In the phosphor layer 42 of the present embodiment, the case where the fluorescence emission point concentration continuously changes (increases) for each of the plurality of regions A is described as an example, but the present invention is not limited to this.
For example, the phosphor layer 42 has a structure in which a second region A2 having a higher fluorescence emission point concentration than the first region A1 is located between the first region A1 and the reflective film 32 in the plurality of regions A. As long as it contains. That is, the phosphor layer 42 may include a region where the fluorescence emission point concentration is lower than the fluorescence emission point concentration of the first region A1 between the first region A1 and the second region A2.

  The disc 40 is made of a metal disc having excellent heat dissipation, such as aluminum or copper. The reflection film 32 is made of, for example, an Ag alloy, and reflects the fluorescence Y to be emitted from the light incident surface 142 side to the outside. An adhesive layer (not shown) is provided between the reflective film 32 and the disc 40. This adhesive layer is, for example, a high thermal conductivity type silicone adhesive containing Ag filler, and efficiently transfers the heat of the phosphor layer 42 to the disk 40 side via the reflective film 32.

Here, an example of a manufacturing method of the rotating fluorescent plate 30 of the present embodiment will be described.
First, the disk 40 provided with the reflective film 32 is prepared. The reflective film 32 may be affixed to the disk 40 using a high thermal conductivity type silicone adhesive containing a filler, or may be formed by directly forming a film on the disk 40.

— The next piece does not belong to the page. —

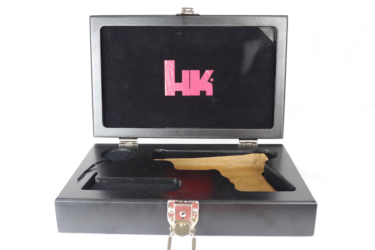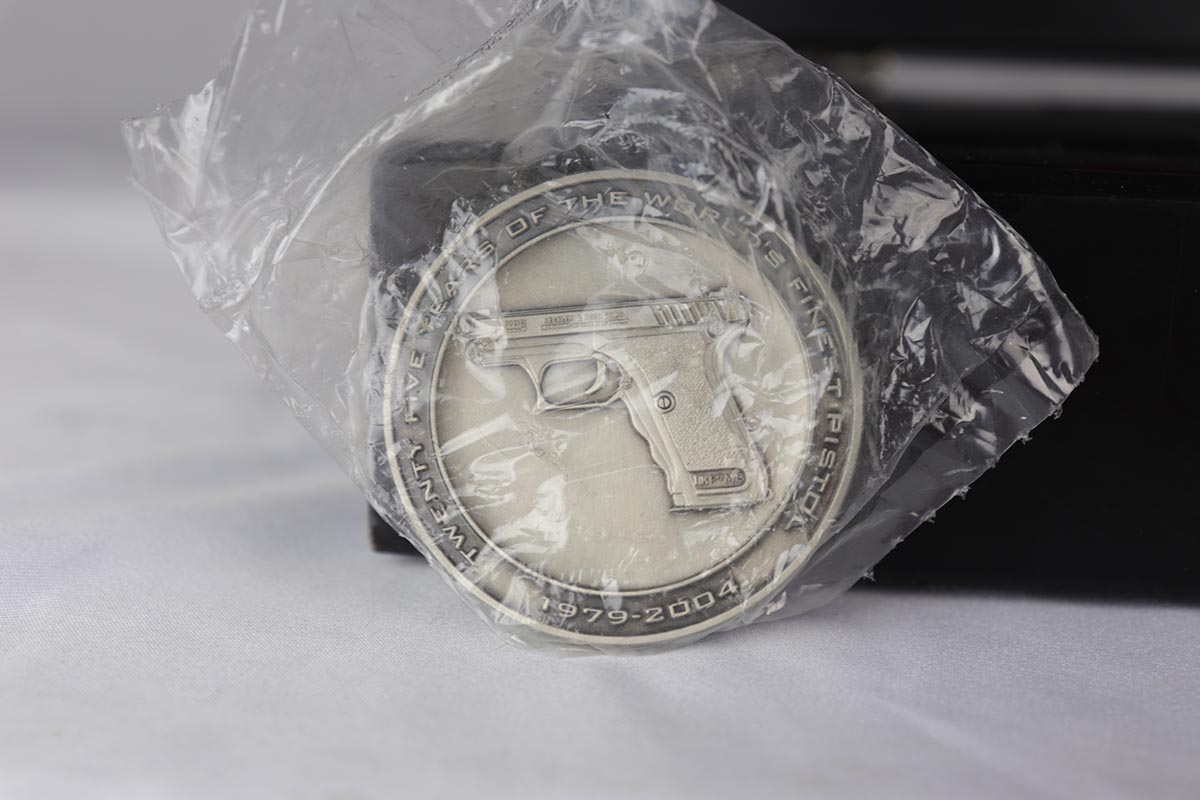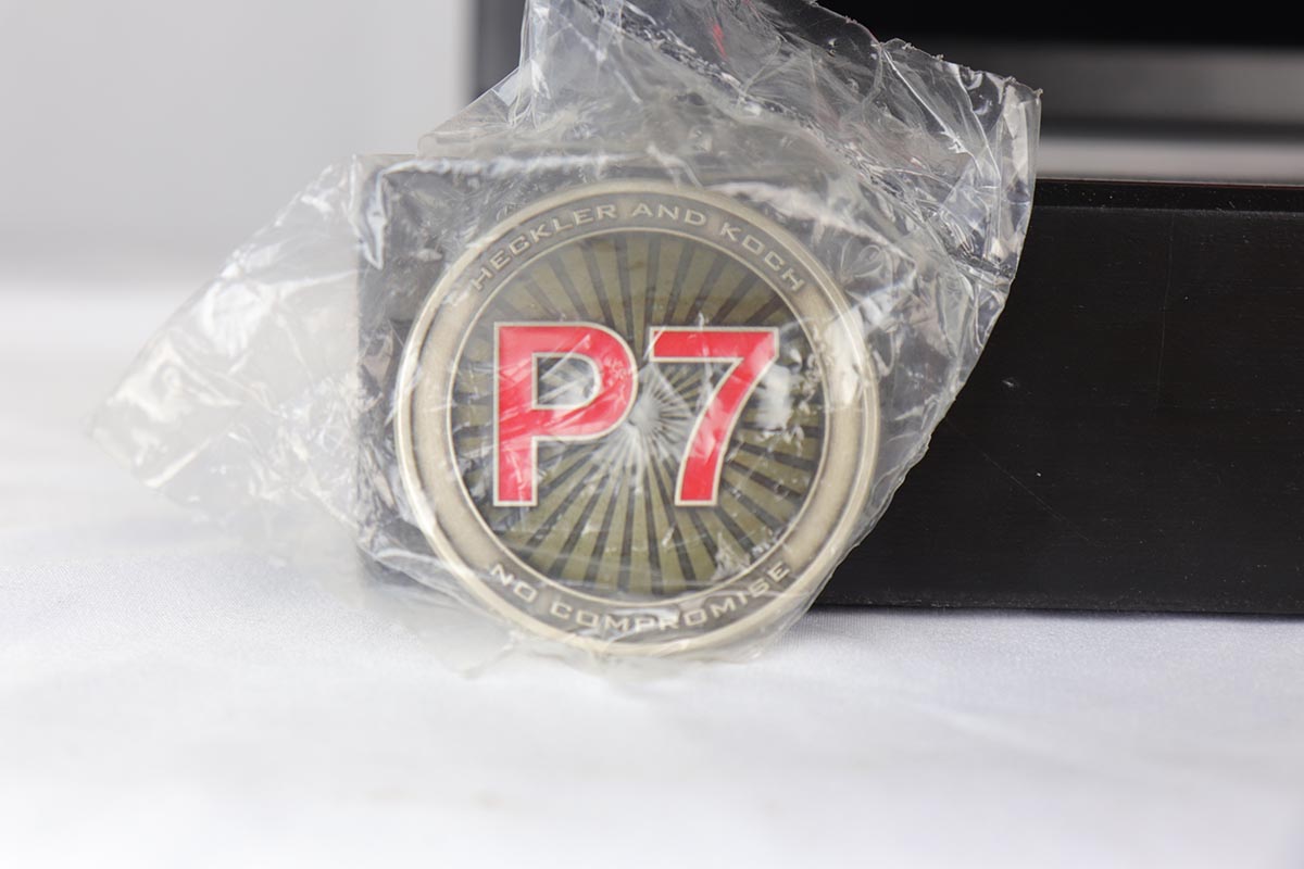 9/18/24 – This is a mint condition, nearly unfired Heckler & Koch P7M8, in presentation case with two magazines and P7 challenge coin.  500 of these pistols were made for the 25th Anniversary of the P7, and bear the signature of the original designer (Helmut Weldle) along the top of the slide.  Made in 2004 (AE date code), the pistol shows no finish loss and a perfect bore.  It comes in the original presentation case, which also show virtually zero handling wear.
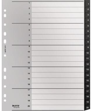 Umweltfreundliches Register in Premiumqualität mit numerischem Aufdruck. Hilft bei der übersichtlichen Organisation von Dokumenten oder Unterlagen für den Heim- · Schul- oder Bürogebrauch. Mit der neuen umweltfreundlichen Recycle Serie von Leitz helfen Sie · unsere Umwelt zu schützen und sorgen gleichzeitig für ein attraktives und umweltfreundliches Erscheinungsbild Ihres Büros.

Subsequently, the phosphor layer 42 is formed on the reflective film 32.
When forming the phosphor layer 42, first, a base material for the phosphor layer 42 is created. For example, the silicone adhesive used as the binder material 42b and the phosphor particles 42a are mixed at a ratio of 1: 1, for example. The mixture is stirred with a vacuum stirrer under predetermined conditions (for example, 700 Pa, 5 minutes at 3000 rpm) to obtain a base material. The base material is printed in a ring shape as shown in FIG. 2A on the reflective film 32 with a thickness of, for example, 90 μm.

  In the present embodiment, the base material printed on the reflective film 32 is left for a predetermined time (for example, 20 minutes). Thereby, in the base material printed on the reflective film 32, the phosphor particles 42a start to settle due to their own weight.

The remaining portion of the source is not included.